Comment 13 Vincent Batts 2011-08-18 20:48:58 UTC
(In reply to comment #12) > I have tracked down the cause for the dd-wrt crash. The crash is caused by a > commit to 2.6.38-rc1+ To fix: > > Reverting the commit by Johannes 9b7688328422b88a7a15dc0dc123ad9ab1a6e22d will > fix the problem from my testing with a Netgear DGN3500. If you can comment out > the line in iwl-agn.c iwl_mac_setup_register() which says: > > hw->max_tx_aggregation_subframes = LINK_QUAL_AGG_FRAME_LIMIT_DEF; > > I do not know if this will fix the general slow response, but it is worth > testing. Please let me know how this affects the original problem. I have tried the revert of this commit on linux 3.0.3, and confirm it allows me to connect to the wireless access point, with out causing the access point to become unresponsive. Although, the first connection, when I pulled a large tarball as a test (`wget ftp://ftp.kernel.org/pub/linux/kernel/v3.0/linux-3.0.3.tar.gz`) the connection stalled out after 5mb of progress. I brought down the interface, brought it up again, re-established the WPA authentication, etc., and on the second connection, I was able to successfully pull the entire 74M tarball.

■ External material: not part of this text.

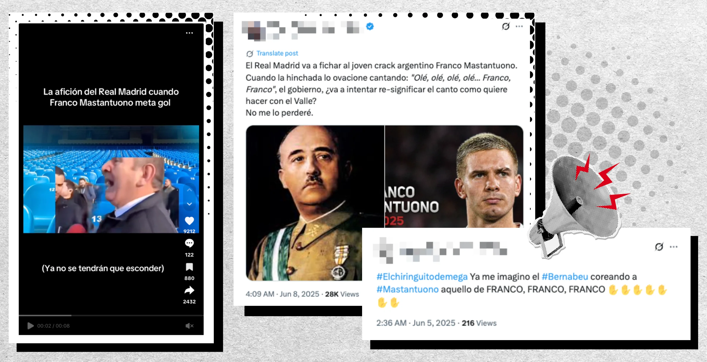Football is another sphere where dictators are glorified, often by exploiting current events, signings or viral moments. The names and faces of players are used as pretexts to talk about Franco, Hitler or Mussolini. The most notable recent example in Spain involves Franco Mastantuono, an 18-year-old Argentine footballer who signed with Real Madrid during the 2025 summer transfer window. Before the deal was officially confirmed, speculation about his future spread across social media, accompanied by dozens of posts ‘jokingly’ referencing Francisco Franco and the Francoist dictatorship, capitalising on the coincidence of names.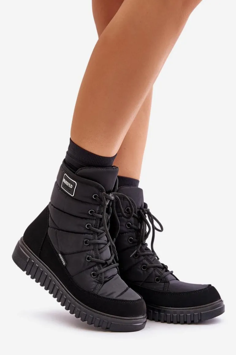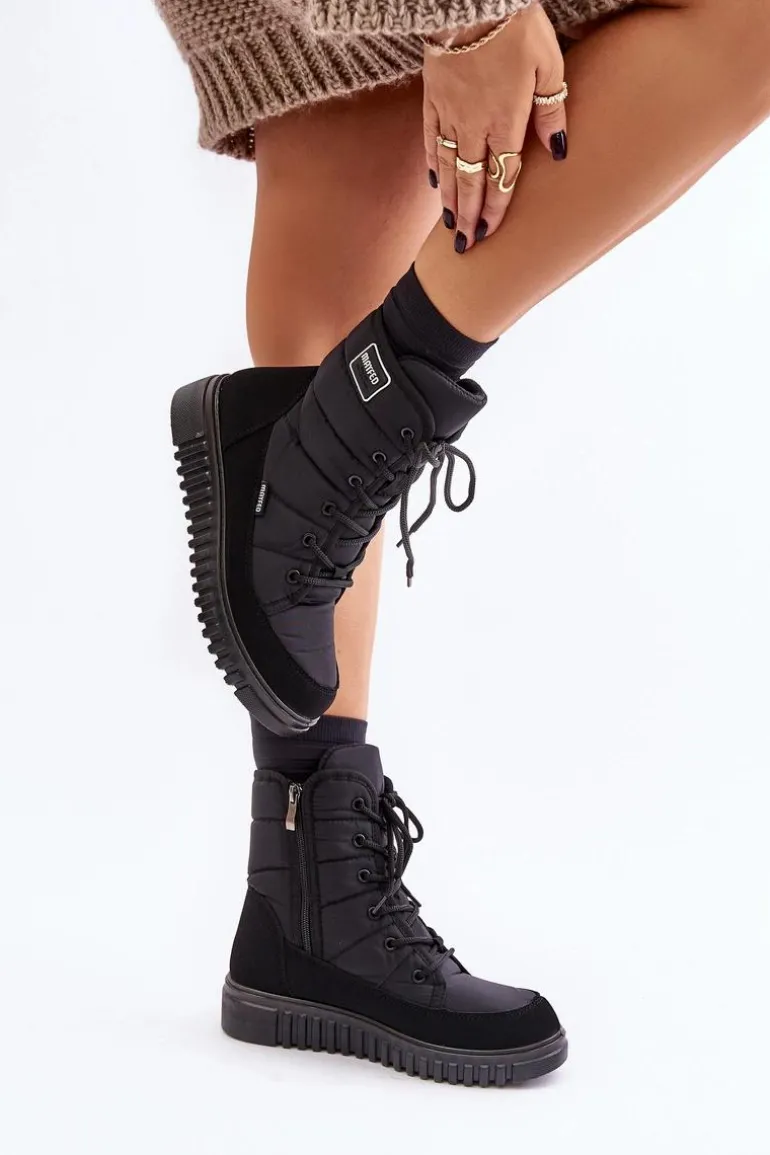 Damskie śniegowce, które charakteryzują się wygodą. Osadzone na platformie. Wnętrze ocieplane materiałem typu polar doskonale odizoluje od zimna, zapewniając ciepło nawet w najzimniejsze dni. Zapinane na zamek i sznurowane. Doskonałe do codziennego użytku w zimowych miesiącach! Przy wyborze rozmiaru, prosimy sugerować się tabelą rozmiarów.

Comment 14 wey-yi.w.guy 2011-08-18 21:09:18 UTC
thank you for testing. We still try to understand why this commit cause the problem. once we root csause the problem, we will submit patch to fix it. Wey
Comment 15 Adam Williamson 2011-08-19 16:43:01 UTC
I'm at LinuxCon so I won't be able to test this for a bit, but can it really be a commit made to a 2.6.38 rc? I'm using 126.96.36.199 as a way to workaround this problem, so it seemed like this must have been caused by a 2.6.39 or 3.0.0 change (I don't have a 2.6.39 kernel to try). Anyway, I'll test the proposed fix later. Thanks! -- Fedora Bugzappers volunteer triage team https://fedoraproject.org/wiki/BugZappers
Comment 16 Vincent Batts 2011-08-20 01:33:48 UTC
Adam, the setter of "hw->max_tx_aggregation_subframes" is not present in 188.8.131.52, nor in 2.39.6
Comment 17 Vincent Batts 2011-08-20 01:38:56 UTC
err. I did the same slip-up, and pulled 184.108.40.206 It for sure is not in 220.127.116.11, and after pulling 18.104.22.168, I've found that it *is* present there. I am building it to verify the same behavior. Take care, vb
Comment 18 Adam Williamson 2011-08-20 05:25:56 UTC
ah, I see, so the offending code was committed in 2.6.38-rc1 but nothing called it till 2.6.39...makes sense, I guess.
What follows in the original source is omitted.